My current research interests lie at the boundary of pure and applied research: developing the experimental methods and technology that will take quantum information processing (QIP) from the realm of basic algorithms to the level of performing useful calculations and simulations. My research uses sets of atomic ions trapped in specialized, microfabricated rf-Paul traps. Combined with laser cooling and laser state manipulation (as well as newer techniques), atomic- ion based quantum-bits have proven to be one of the most promising systems for QIP applications.

QIP is the field of physics which deals with using quantum effects to perfom calculations that cannot be done practical with classical computers. This field is often called simply Quantum Computing but also spans the field of Quantum Simulation. Following in the footsteps of giants, I call it Quantum Information Processing (QIP) when talking about the field in general.

My particular contributions are in the area of QIP with ions as a member of the Quantum Information Systems group at the Georgia Tech Research Institute and previously as a postdoc at the Ion Storage Group at the National Institute of Standards and Technology (NIST) in Boulder, CO.

During my postdoc in the Ion Storage Group at the National Institute of Standards and Technology, we designed and fabricated (with myself leading the effort) a specialized ion trap with 150-electrodes in a configuration that become known as the Racetrack trap (there were quite a few humerous names that, thankfully, didn't stick).
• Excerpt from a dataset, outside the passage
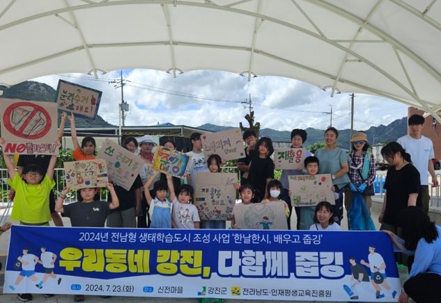 (아름다운교육신문) 강진군은 지난 23일, 신전면 아동센터에서 ‘찾아가는 생태환경 양성 과정’ 수료자와 신전면 아동센터 어린이 23명이 참가한 가운데, ‘우리 동네 강진, 다함께 줍깅 캠페인’을 추진했다.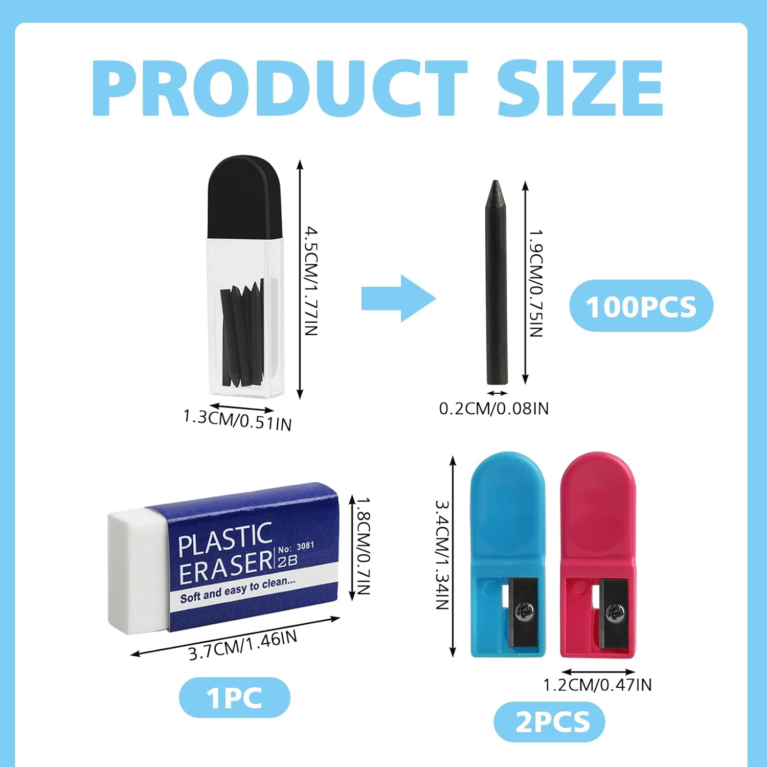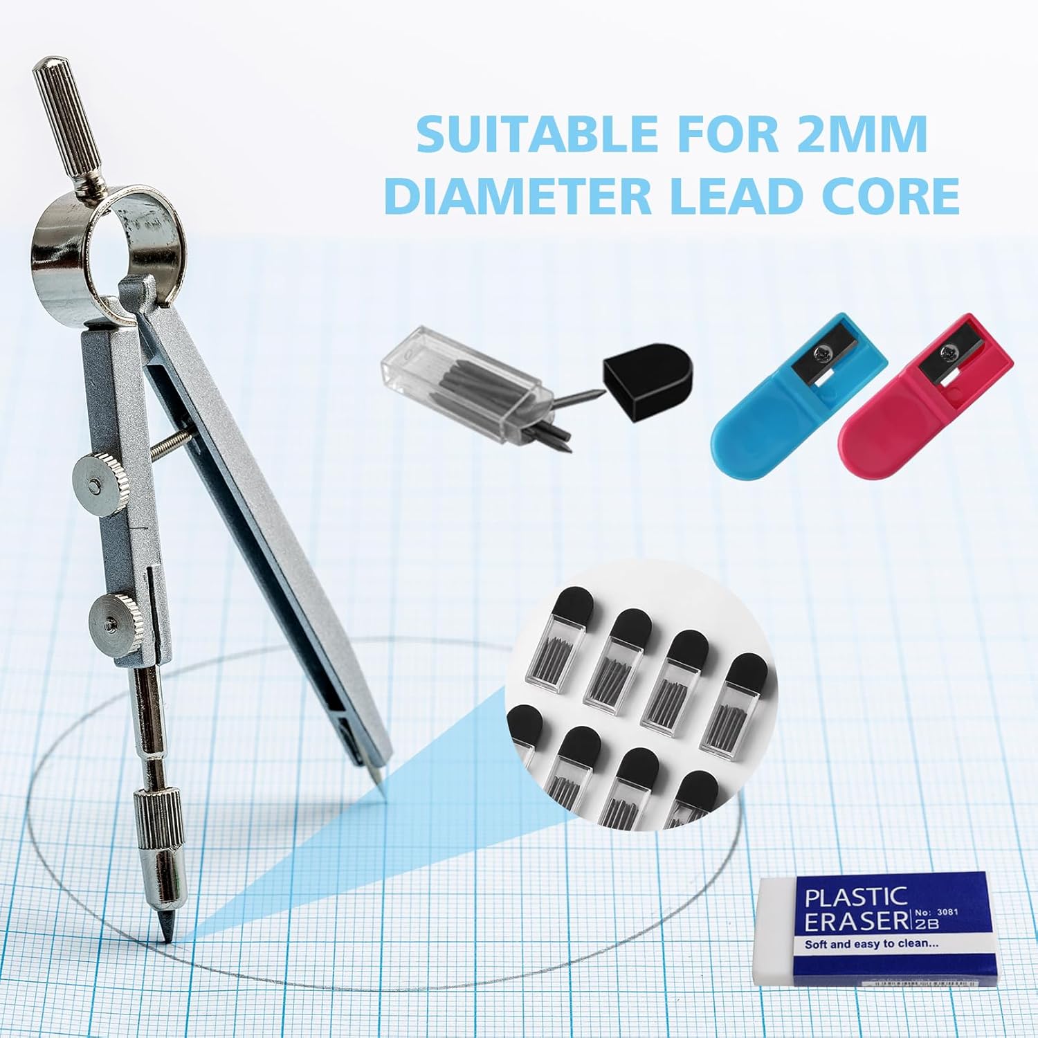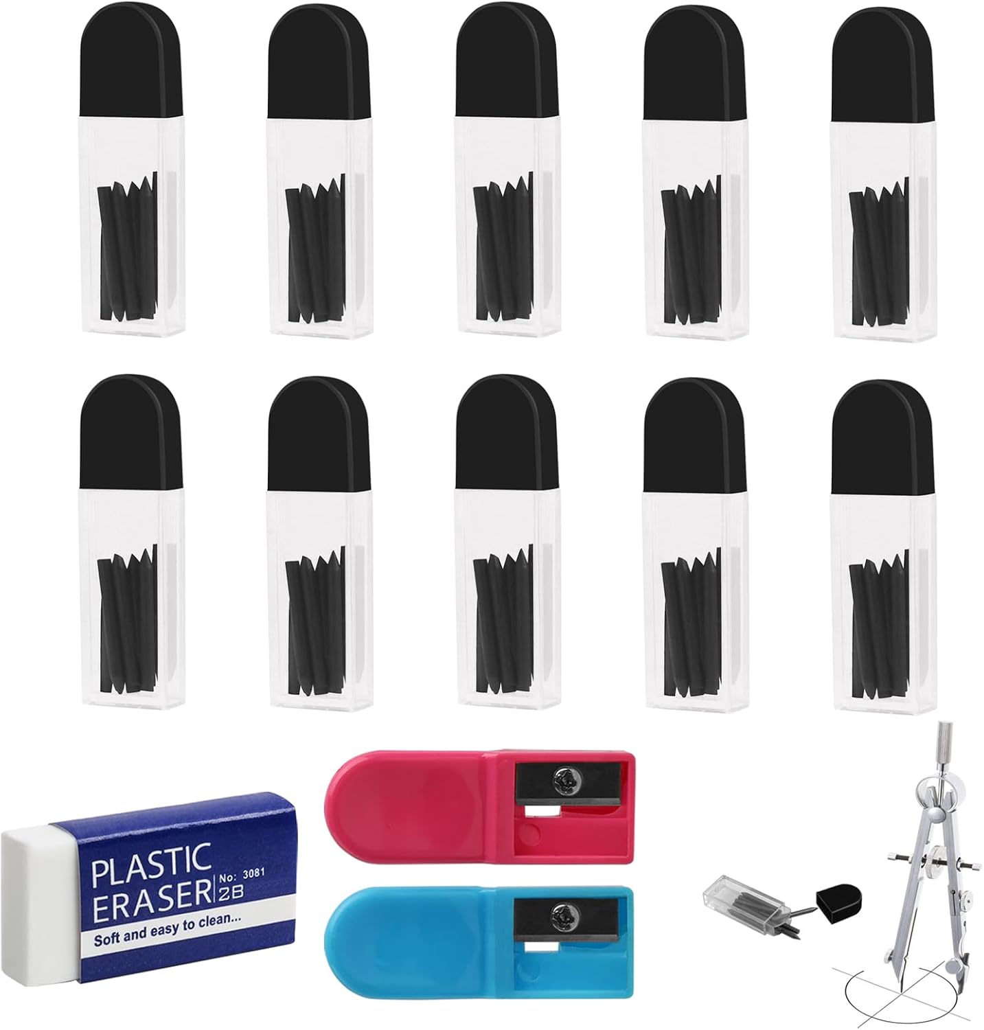 【L'imballaggio comprende】 Il set di puntali di ricambio rotondi contiene un totale di 100 puntali per bussola, confezionati in 10 scatole trasparenti. Viene fornito con 2 temperamatite e 1 gomma. Il dosaggio è sufficiente per l'uso quotidiano. 【Materiali di alta qualità】 Il diametro del piombo tondo di 2mm è realizzato in robusta grafite, che è liscia, stabile e non facile da rompere, sicura e non tossica. 【Punte compasso ricambio】 Tipo 2B: ognuna misura 2 cm di lunghezza e 2 mm di diametro. Adatte a tutti i calibri rotondi con anima in piombo da 2 mm. 【Facile da salvare】 L'imballaggio della penna è realizzato in plastica di alta qualità, con dimensioni ridotte e facile da chiudere, rendendolo adatto per la conservazione e l'uso della penna. 【Ampiamente usato】 Adatto per applicazioni generali di scrittura, come appunti, schizzi, lettere, ecc. È possibile utilizzarlo in ufficio, in classe, a casa e in altre occasioni. Pacchetto compatto, facile da trasportare. È un must per il lavoro e lo studio.

An image of this trap made it into Popular Science’s The Most Amazing Science Images of 2010 and the resulting paper is included in New Journal of Physics’ “Best of 2010” collection. Here is a low res version of the image:

As an accompaniment to the paper, I created a video describing the trap for New Journal of Physics’ new video abstract feature. The video can be found here.

My thesis research was in the field of precision measurements, in particular the search for a permanent electric dipole moment (EDM) of the electron. This is really particle physics but using the tools of low energy atomic physics. Searches for the EDM have been going on for many decades and have turned up null results so far. However, there are good reasons to believe that the EDM exists at some level but depending on how big the property is, we can restrict newer particle theories or definitively rule that there is "Physics Beyond the Standard Model of Particle Physics".